Friday, 13 December 2013

Lecture : rough guide to reality

This lecture was a guide to reality and the aspect behind reality. The reality aspect of this lecture was looking beyond documentary photography but looking at critical practice as the creative exploration of the world and its mediations.

The lecture went onto montage as realism and looking at photographers who create this but majority didn't and one photographer which really stood out was Berthold Brecht his photograph of Krupp factory was very complicated as the photo does not represent reality in the slightest and it doesn't mirror the reflection of realism which was very odd as you would think that a photograph would create this realism and real to life but there are so many things you can do to a photograph to create a different meaning which is interesting while looking through the module.

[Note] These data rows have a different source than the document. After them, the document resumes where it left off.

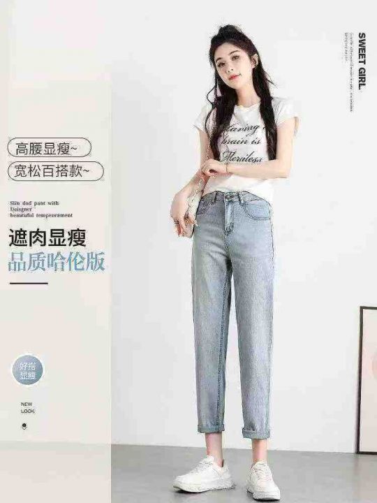 春秋新款高弹力洗水棉牛仔老爹哈伦裤,独立包装带腰卡...
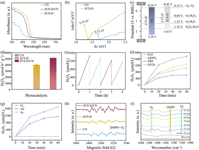Figure 3  (a) UV–vis DRS and (b) corresponding plots of the converted Kubelka–Munk function versus photon energy for the prepared samples. (c) The band structure of CN and ZCS-D. (d) The photocatalytic PHP performance graph. (e) The 4 h cycle graph with four cycles. (f) Comparison of H2O2 production by ZCS-D/CN under the different conditions over 1 h: H2O, EDTA (0.5 mmol/L), NBT (0.06 mmol/L), and AgNO3 (0.5 mmol/L). (g) Controlled experiments: air atmosphere, Ar atmosphere and O2 atmosphere. (h) O2 was detected by EPR trapping experiments under light irradiation. (i) In situ FTIR spectra of ZCS-D/CN in photocatalytic reaction.
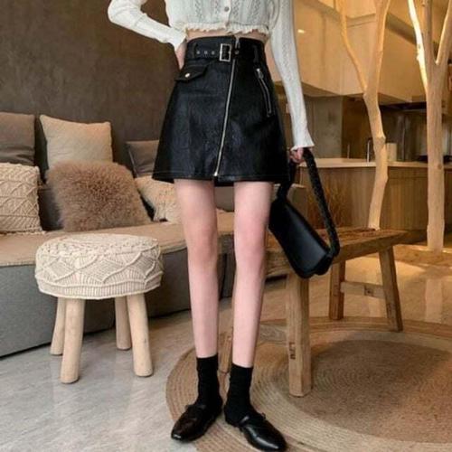 [셀럽하우스]예쁜 NLWF1590 앞 지퍼 라인 포인트 밸트 세트 레더 스커트
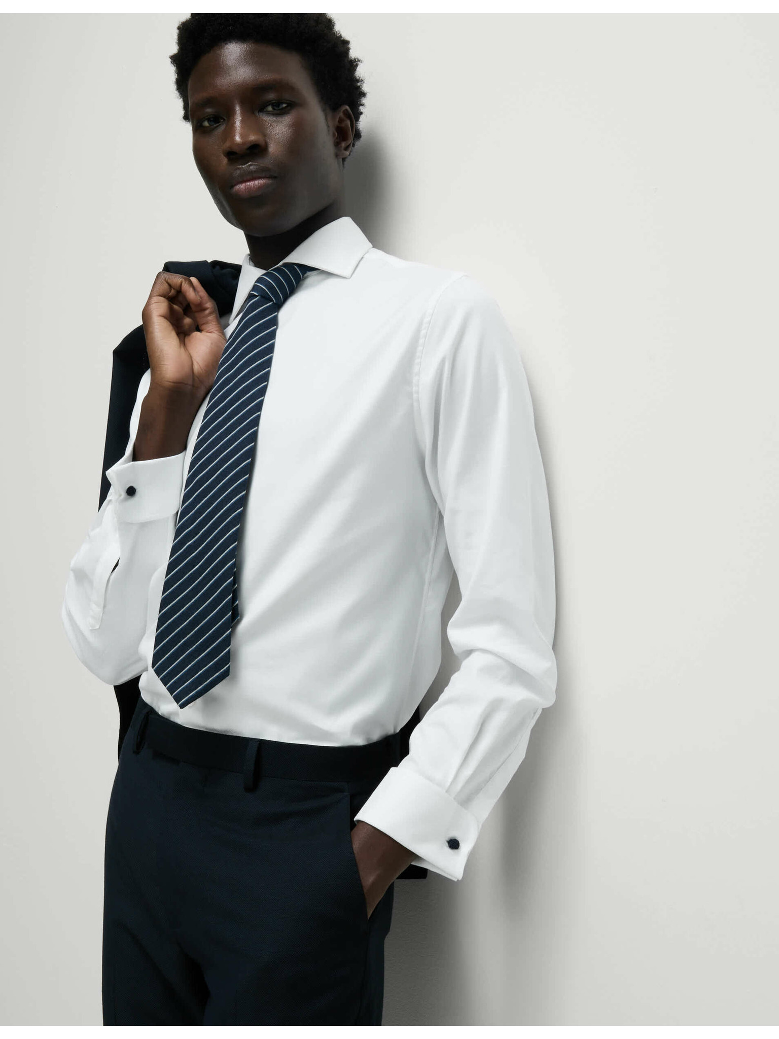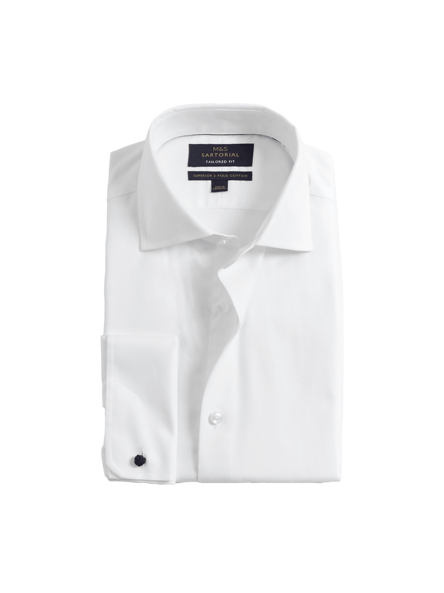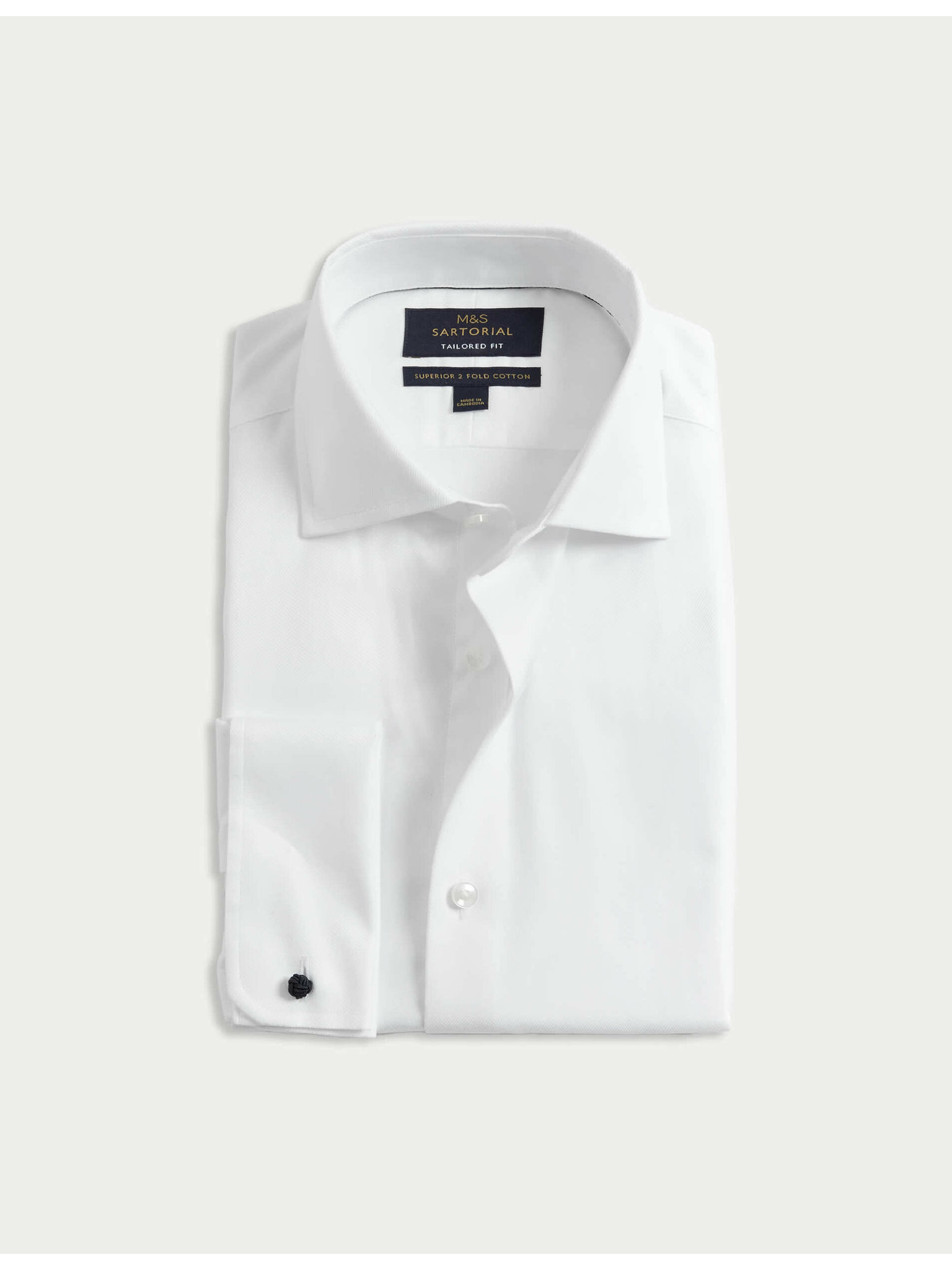 Луксозна памучна риза с двойни маншети с тясна кройка Marks & Spencer в бяло

Further on the lecture a section came up about surrealist documentary and ethnographic surrealism. Surrealist documentary is '
In aspiring to open the imagination upon reality, Surrealism blurs the distinction between fact and fiction. 'In Surrealist documentaries the realistic effect is used to hook the viewer into the world represented by the film in order to disrupt taken-for-granted assumptions about that world.' ( http://www.urbandictionary.com/define.php?term=Surrealist%20Documentary ) This can be portrayed within a photograph just as much as a documentary and there were many photographers who were capturing this open imagination upon reality, one person while in the lecture who captured my eye was the work of Man Ray and his approach on surrealist photography. A quote by Man Ray when he was doing his photography "Of course, there will always be those who look only at technique, who ask 'how', while others of a more curious nature will ask 'why'. Personally, I have always preferred inspiration to information." (http://www.arthistoryarchive.com/arthistory/surrealism/Man-Ray.html) Man Ray had a lot of inspiration when it came to his work but the  inspirations through-out his life, one of the most notable being Marquis de Sade – a man imprisoned for writing about sexual exploits involving women. Man Ray was inspired by his obsession with women and also began to explore female eroticism, evident in many of his photographs. Man Ray tried to create a Surrealist vision of the female form, and utilized solarisation, cropping, over development (various photographic techniques) to create a surreal effect in his photographs, and this is where his idea started of creating these amazing surreal photographs

Looking at this lecture made me really get a view and an understanding of the way photographers work and that so many of them have different ways of portraying certain things and I find it really interesting to be researching more in to photographer which fits in well with the project which I am doing.